I could hear Uriah, crunching branches as he moved towards the sound. “Uriah you won’t be able to find him!”
I waited again. Not a sound.
“Alright, even if you do find him, you won’t be able to catch him!” Still silence. “I know you can hear me!”
My feet were freezing, and the cold had gone through my pant legs. Time to head home! I shuffled over the ice and came out in the yard, where I waded into the deeper snow piled along the southern line of trees.
That was when Uriah came out of the trees.
Happy! But empty handed…or empty paws! His big eyes stared at my pocket, as he waited for his biscuit.
We both stopped when the Pheasant coughed in the trees…
I was hoping to write for this Blog every day. But I may get side tracked, like I did with this post. Sorry! Just a Note: I have to finish a synopsis I am working on, after that I need to work on my novel. I need to get it completed so I can start stacking up the rejection letters. I cleared a special place just for them!My daughter took this picture through the kennel’s chain link fence. She told me, it was the only way she could get them to stand still. Samson is to the left , Zeus to the right.
Hickory Dickory Dock~
I stared out the window at the icicles that clung to the screen, trailed down the deck’s railings and lengthened underneath the grill. The winds had smoothed out the snow. And I could see little birds jumping in-between the branches of the Blue Spruce on the south side of the deck.
Uriah was outside. I watched as he slowly trudged through the snow and picked a spot, out in the open in the sunshine, to sit down. He looked out over the yard, and then looked over his shoulder at me. He was happy to be outside. The sky above him was a beautiful deep blue with puffy white clouds. The ice shimmered like clear diamonds, enhanced from the blinding white sunlight, as it reflected off the snow.

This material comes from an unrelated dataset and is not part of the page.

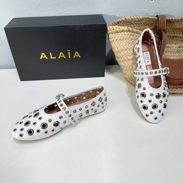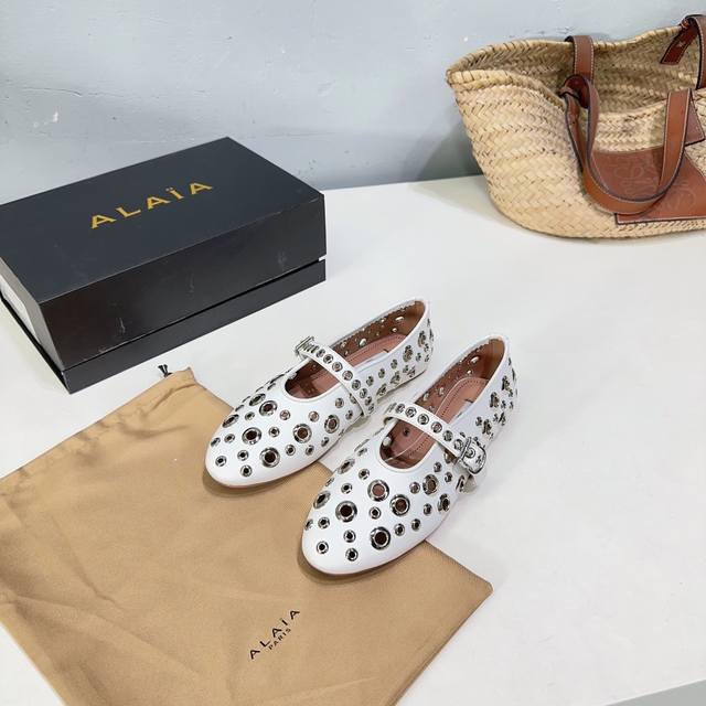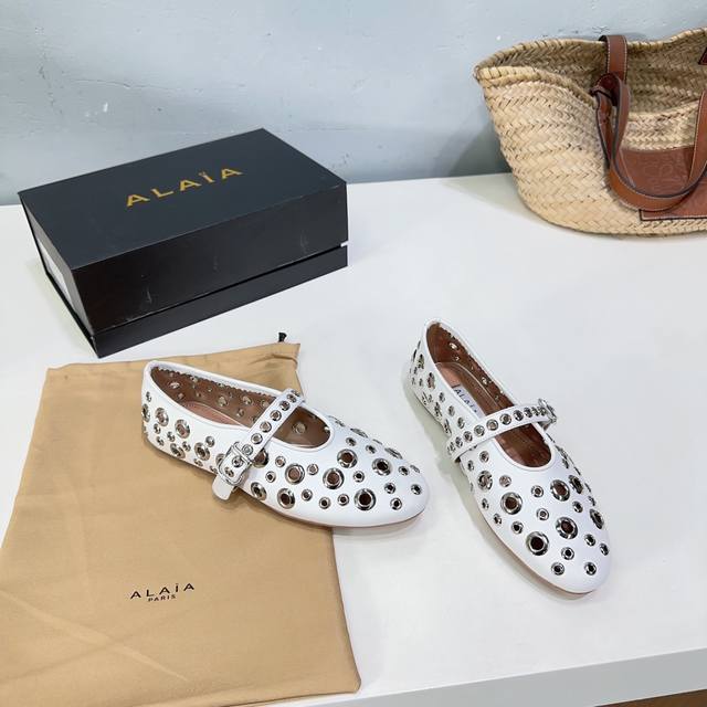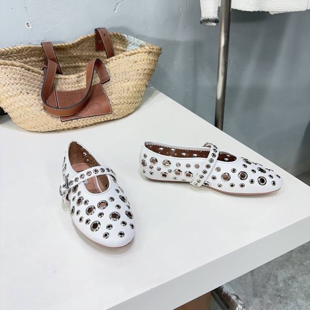高品质出厂 !小众潮牌alaia24春夏镂空五金扣圆头平底奶奶鞋乐福鞋单鞋!最新春夏时装秀新款系列平底芭蕾舞鞋!法国高端一线高定品牌!时尚界最后的手艺人

I finished my coffee and headed for my coat and boots.
Once outside I pulled my scarf up around my face. There wasn’t a wind, but frostbite was a reality in these low temperatures. Uriah danced around my legs until I handed him his morning biscuit. I waited as he crunched it to pieces. Then he nosed around in the snow until he found every last morsel.
Being Uriah he tried for two biscuits. I shook my head at him. He didn’t seem disappointed; instead he turned and waded through the snow towards the back path.
The snow was powdery and painfully white.
Uriah stopped, and looked back at me; he was hesitant to step near the path. He must have remembered the cold water running under the ice.
I moved cautiously forward and pushed my ski pole down into the snow. It hit frozen ground. Confident I wouldn’t end up with wet feet, I moved on.
Ice crystals were growing upwards along every piece of dried grass and twig sticking up from the snow.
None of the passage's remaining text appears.